Speaking to the Mainichi Shimbun newspaper, the 65-year-old author said: "No one has taken real responsibility for the 1945 war end or the 2011 Fukushima Daiichi nuclear accident. I feel so."
"After the war, it was eventually concluded that no one was wrong," said Murakami of the pervasive attitude in Japan.
Japanese people have come to consider themselves as "victims" of the war, he added.
Murakami, one of Japan's best known writers who has repeatedly been tipped as a future Nobel Literature laureate, said that it was natural for China and the Koreas to continue to feel resentment towards Japan for its wartime aggressions.
"Fundamentally, Japanese people tend not to have an idea that they were also assailants, and the tendency is getting clearer," he said.

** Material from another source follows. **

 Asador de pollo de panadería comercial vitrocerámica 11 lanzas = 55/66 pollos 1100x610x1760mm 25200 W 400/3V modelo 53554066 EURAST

Japan's lack of repentance over its behaviour in the first half of the 20th century continues to strain relations with regional neighbours.
Murakami also said Japan did not seriously pursue who was really responsible for the 2011 crisis at Fukushima - when powerful earthquake and tsunami caused a reactor meltdown and radiation leaks - choosing instead to blame the disaster on uncontrollable natural events.

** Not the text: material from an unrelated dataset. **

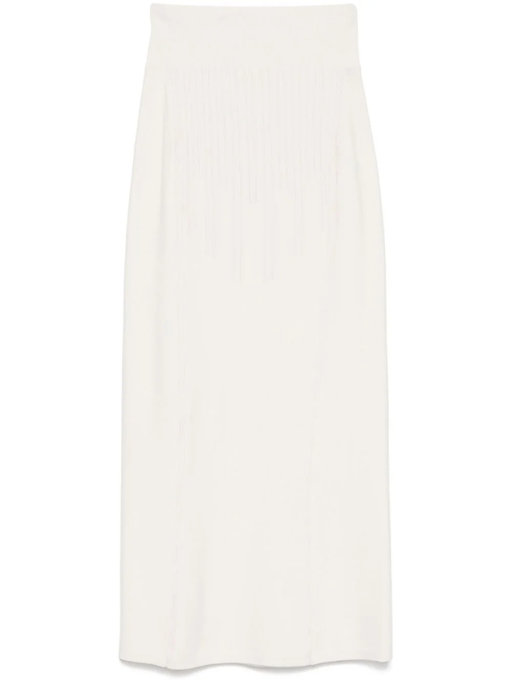 boning-detail midi skirt Highlights - White - Ribbed waistband - Raised seam detail Imported Composition Viscose 83%, Polyester 17% SIZE & FIT Model measurements Height 5 ft 11 in(1.8 m) Bust/Chest 32.67 in(83 cm) Hips 36.22 in(92 cm) Waist 24.4 in(62 cm) FittingInformation This midi-length skirt is intended to be worn high on the waist The elasticated waist allows for a comfortable fit Made with a midweight knit, this piece offers some stretch

"I'm afraid that it can be understood that the earthquake and tsunami were the biggest assailants and the rest of us were all victims. That's my biggest concern."
Murakami's latest novel "Colorless Tsukuru Tazaki and His Years of Pilgrimage" was released in Europe and the United States this summer.
He lost out on this year's Nobel to Patrick Modiano, a historical novelist who writes about France's painful experience of Nazi occupation.